TRUTH AND COMPLIANCE
(12:00AM)
I do not know how many dinner parties or other social events I have had to sit through - biting my tongue - where the latest on global warming or ‘war on terror’ conspiracy theories were served up as absolute and undeniable truths. Maybe I should just be myself and like Andrew Klavan take the risk of losing a few friends.

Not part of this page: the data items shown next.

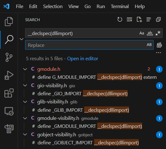 在 MSYS2 安装目录的 clang64/include/glib-2.0 文件夹下搜索关键字 __declspec(dllimport)。
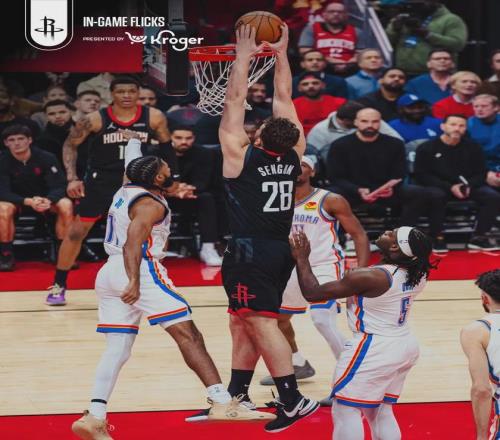 火箭在防守端做了精心布置,阿門和奧科吉夾擊亞歷山大。面對兩個防守大閘,亞歷山大首節(jié)2中0僅得0分1助3失誤。雷霆也給足身體對抗,杜蘭特首節(jié)7中1只拿到2分。申京退防太慢,霍姆格倫里突外投,首節(jié)4中4狂砍11分3板。
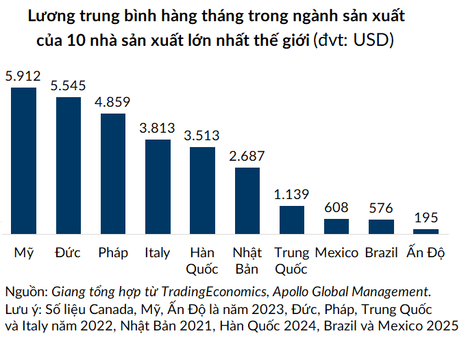 Theo tổng hợp của ông Torten Slok, kinh tế trưởng của công ty quản lý tài sản Apollo Global Management, tiền lương của người lao động trong ngành sản xuất Trung Quốc chỉ bằng 20% các đồng nghiệp ở Mỹ. Thậm chí tiền lương ở Ấn Độ chỉ bằng 3%.

He’s explained it all in your must-read this week, The Big White Lie and also manages to produce the absolute gem of the month:
With its tortuous attempts to rename unpleasant facts out of existence—he’s not crippled, dear, he’s handicapped; it’s not a slum, it’s an inner city; it’s not surrender, it’s redeployment—leftism has outlived its own failure by hiding itself within the most labyrinthine construct of social delicacy since Victoria was queen.
Read the entire thing and consider your relationship with what you consider to be ‘truth’.
Monday, April 23,
2007
BORIS YELTSIN
(09:44PM)
I have no particular feelings over Boris Yeltsin's death, but do rememember with fondness and excitement that late summer of 1991 when he stood atop a tank to defy the last attempt to preserve hardline Communist rule. For that, and for his generous treatment of the early stage investors in the new Russia he has definitely deserved his spot in history. It is odd though to note how much of the blame he gets for the chaos that ensued and which has now set the stage for another round of corrupt dictators occupying the Kremlin. Despite the neverending stream of hagiographies about the king of perestroika, very little has so far been said about Michail Gorbachev's conspicuous role in the descent and chaos of what once was a world power.
A good round-up with some great photos from the Yeltsin years can be found here.
RANDOM RECOLLECTION: In Hong Kong in the 1990s there was a fairly popular bar named after the man, Yelt's Inn. Not sure if it still exists.
MEGA-BANK
(09:22PM)
The largest Dutch bank, ABN-Amro has been snapped up by my first employer, Barclays in a fairly spectacular deal that so far appears to have outwitted another group of suitors:
ABN Amro agreed today to be acquired by Barclays for 67 billion euros, or $91 billion, creating one of the world’s largest banks in a carefully crafted deal that reduces — but does not eliminate — the chances of another suitor coming in with a higher bid to buy and break up the bank.
In a surprise facet of the deal, ABN Amro, the largest Dutch bank, said that it had arranged to sell LaSalle Bank, its attractive American business, to Bank of America for $21 billion in cash. LaSalle is the corporate gem that had drawn Royal Bank of Scotland, the British bank that teamed up with two other European banks, to mount a counter bid for ABN Amro.
It's a good deal for shareholders and from that point I regret having dumped my ABN-Amro stock a few years too early, but that is not really all that big a deal. Much more important is having made an early career call after sitting through the now infamous UBS/SBC merger in 1998/99. There will be an awful lot of bankers walking the streets of London and Amsterdam trying to re-invent themselves, not always the easiest of tasks. And this deal will probably trigger a wave of further consolidation in a sector that will continue to rationalize and spit out valuable financial and entrepreneurial talent.